La Ingeniería del Caos es la disciplina de experimentar en un Sistema, con la finalidad de generar confianza en la capacidad del Sistema para soportar condiciones turbulentas en producción.
La ingeniería del caos es la ciencia detrás de inyectar fallas intencionalmente en los sistemas para medir la capacidad de recuperación. Como cualquier método científico, Chaos Engineering se enfoca en experimentos / hipótesis y luego compara los resultados con un control. El ejemplo por excelencia de Chaos Engineering en un sistema distribuido es eliminar servicios aleatorios para ver cómo responden los elementos y qué detrimento se manifiesta en el viaje del usuario.

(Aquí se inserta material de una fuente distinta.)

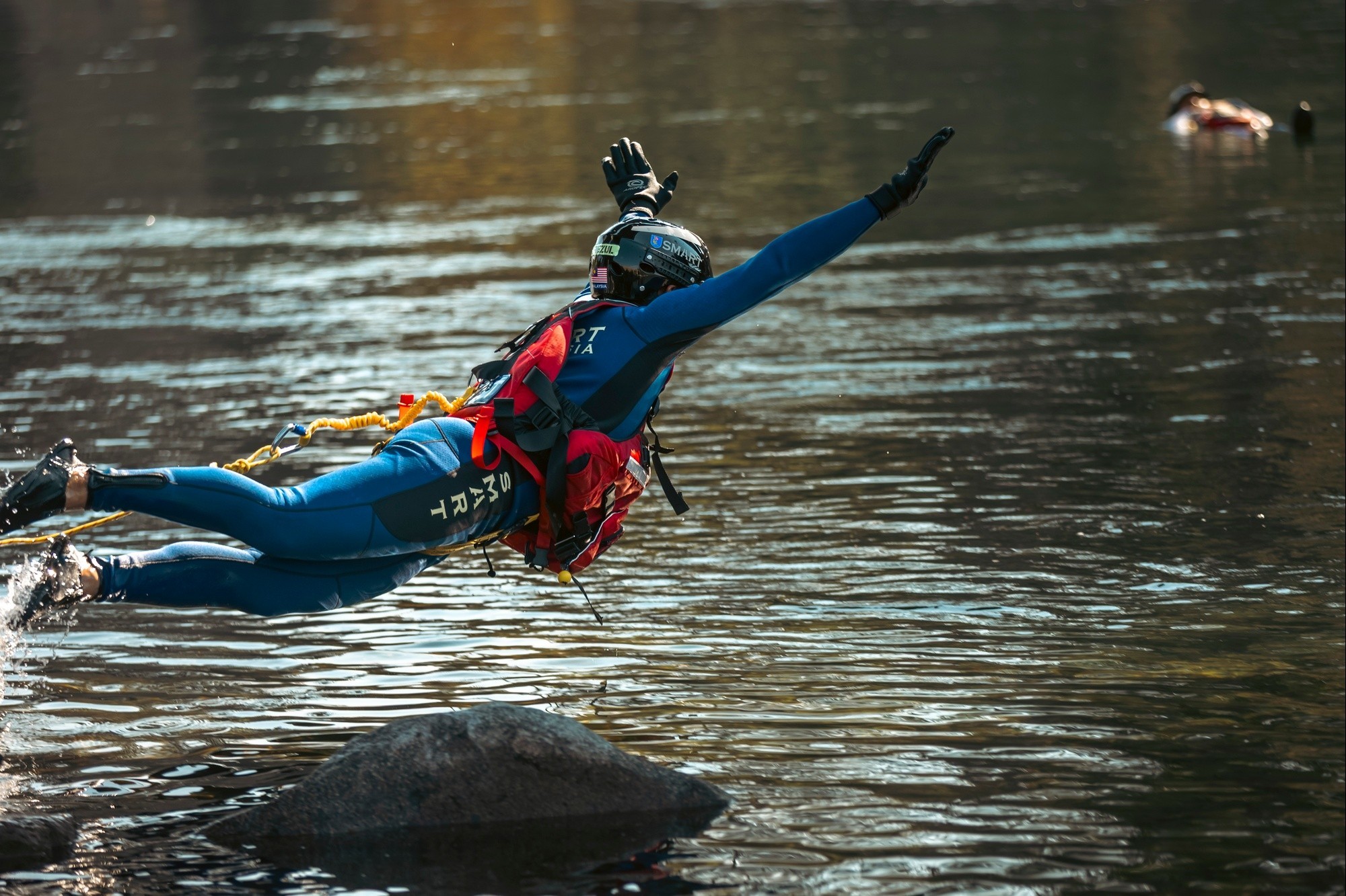 A member of the Special Malaysia Disaster Assistance and Rescue Team (SMART) makes a swift water entry dive during water rescue training level one in Spokane, Wash., Sept. 28, 2025. The Washington National Guard, along with the Spokane County Sheriff’s Department, hosted the Malaysian SMART search and rescue unit for a week-long domestic response workshop. The workshop was coordinated through the State Partnership Program and was the first civilian-to-civilian engagement held in Washington state.

Para llevar simulaciones más dinámicas y "juegos de guerra" a los campos cibernéticos, las simulaciones deben ser más dinámicas y personalizables. No se puede esperar que los humanos enfrenten eficazmente amenazas que cambian cada vez más rápido a menos que la capacitación para detener esas amenazas evolucione tan rápidamente como para capturar los últimos TTP, idealmente casi tan pronto como se identifiquen como indicadores de compromiso (IoC) en la naturaleza.
Proceso del caos
Para ello, primero se define un estado estable, en el que un sistema funciona según lo definido como normal. Un grupo de control asegura que es el escenario caótico el que influye en el sistema; el grupo de control continúa trabajando fuera de este escenario de prueba.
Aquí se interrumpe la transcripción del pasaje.